I have been craving the combination of chocolate and peppermint for weeks. I have also been dying to try baking with the vegan egg substitute called Aquafaba (more on that in a few days). There was a recipe I found a few months ago that used Aquafaba in a chocolate cake. I offered to high altitude it to get my sweets fix, but I swapped out a peppermint frosting to make the lovely holiday pairing of peppermint and chocolate.
The original recipe was gluten-free, but I thought I’d tackle Aquafaba solo in order to test how it works.
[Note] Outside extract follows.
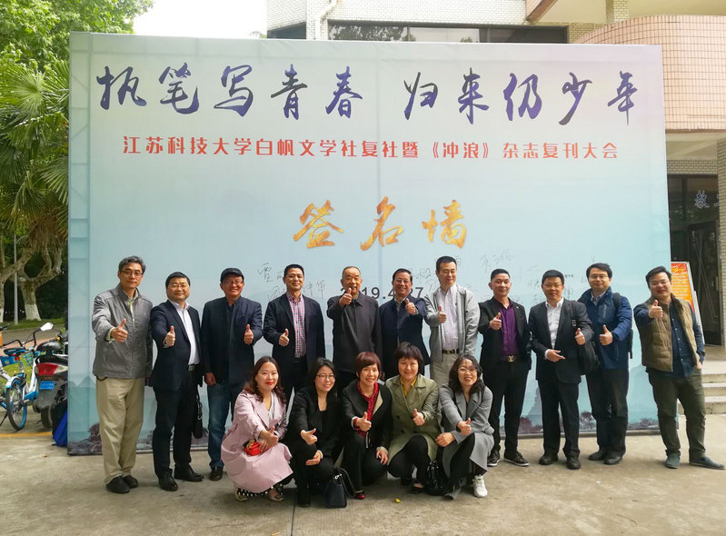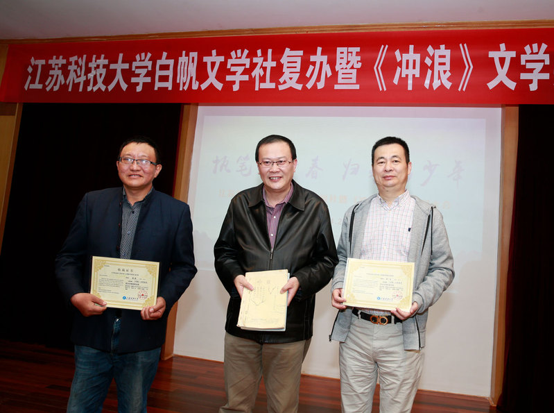 那时以理工科为主的院校很少有文学社。1984年,我和几位热爱文学的同学,在当时的团委书记李银老师和学生会主席龙立同学的支持下,找到时任学生处处长沈贻森老师和校党委副书记祝山老师,请求成立校文学社。他们开始有些顾虑,没有马上批复同意。因为白天要上课,我就晚上去领导们的家里做工作,承诺每期出版前所有文章都请宣传部和团委领导审查,领导签字同意了我们再刻蜡纸和油印,这才打消了领导们的顾虑,“船院文学社”终于在1984年金秋十月诞生了,时任校长肖流同志还亲自为文学社期刊白帆杂志题词。知道了我前面简述的时代背景,大家才会知道当时领导们做这样的决定是承担了一定的政治风险的,所以在36年后的今天,我们应该再次向肖流校长、祝山书记、沈贻森书记和李银等老师致敬!因为他们的担当,我校第一个大学生社团成立了。

Maybe I’ll try the cake gluten-free when I feel like wrestling that type of baking. Besides changing the flour, I added flour and liquids for high altitude. The interesting thing I discovered was that the batter seemed thicker like a traditional batter with eggs. The cake was moist and tasty and fantastic with the frosting.
The fire was roaring as I completed the cake so I thought it would be a nice setting for a picture. I learned that fire and frosting don’t play well together. Melted or not, it still tasted great.
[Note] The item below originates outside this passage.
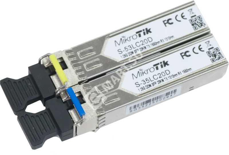 S-35/53LC20D это два SFP трансивера. S-35LC20D является 1.25G одномодовым оптическим модулем SFP с разъемом LC, T1310nm/R1550nm, который предназначен для работы до 20 км с поддержкой DDM. S-53LC20D является 1.25G одномодовым оптическим модулем SFP с разъемом LC, T1550nm/R1310nm, который предназначен для работы до 20 км с поддержкой DDM.

The Coconut Sugar and Cacao Powder were provided to me by Navitas Naturals to test in my kitchen. I am not paid to use their products or endorse them.
Candy Cane Chocolate Cake adapted from the Plant Strong Vegan
6 TBS chickpea liquid (Aquafaba)
2 TBS ground flaxseeds
¾ cup + 1 TBS soymilk
2 tsp apple cider vinegar
1 cup + 1 TBS all-purpose flour
1 cup Navitas Naturals Coconut Sugar
⅓ cup Navitas Naturals Cacao Powder
1 tsp baking soda
pinch of salt
¼ cup coconut oil, melted and cooled
1 tsp vanilla extract
8 oz. vegan cream cheese
1 1/4 cups powdered sugar
1/2 tsp vanilla extract
1/2 tsp peppermint extract
crushed candy canes for garnish
Preheat oven to 325F. Lightly grease and dust with cacao powder a 8×8” pan. In a bowl whisk together Aquafaba and ground flaxseeds. Let sit for 10 minutes. In another bowl whisk together soymilk and apple cider vinegar. Let sit for 10 minutes.
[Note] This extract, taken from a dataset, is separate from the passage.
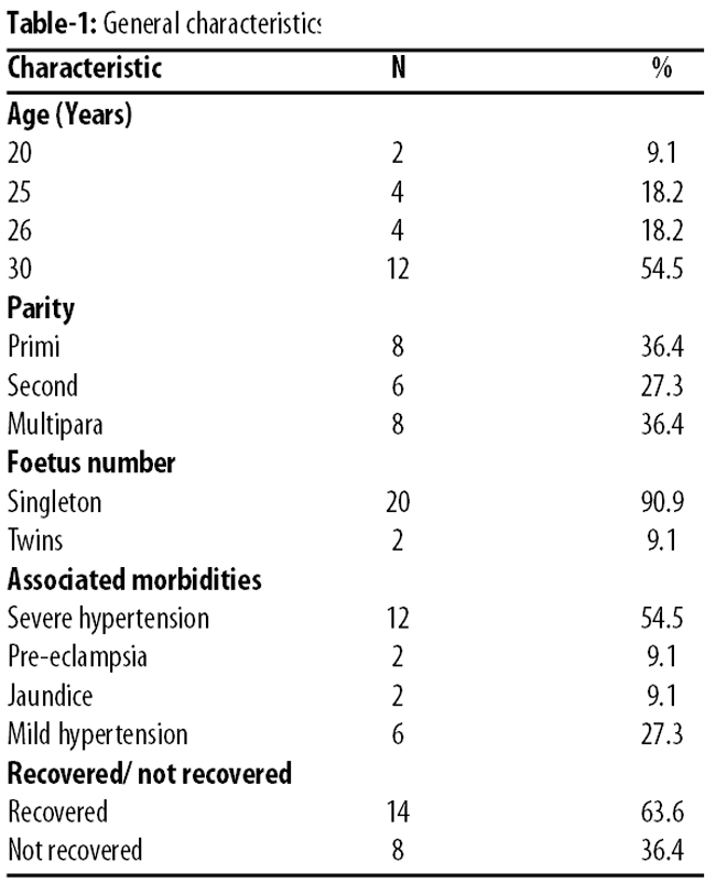 Out of 5742 deliveries, 22(0.38%) were cases of PPCM; the frequency being 3.8/1000 births. Age, parity and medical condition was noted for each patient (Table-1)

In a large bowl combine flour, sugar, cacao powder, baking soda and salt. Whisk until well combined. Add wet ingredients (coconut oil, vanilla extract, milk + apple cider vinegar, Aquafaba + flax) into dry and whisk until smooth. Pour batter into prepared pan. Bake on center rack for 40 minutes, or when a toothpick inserted in center comes out clean with sides of the cake pulling away from pan. Remove cake from oven and cool on a wire rack for 30 minutes.
While cake is cooling, prepare frosting by stirring all ingredients together until smooth. Let chill until needed. Turn cooled cake out onto a cake plate. Frost and garnish. Store leftovers in an air-tight container, in fridge, for up to 4 days.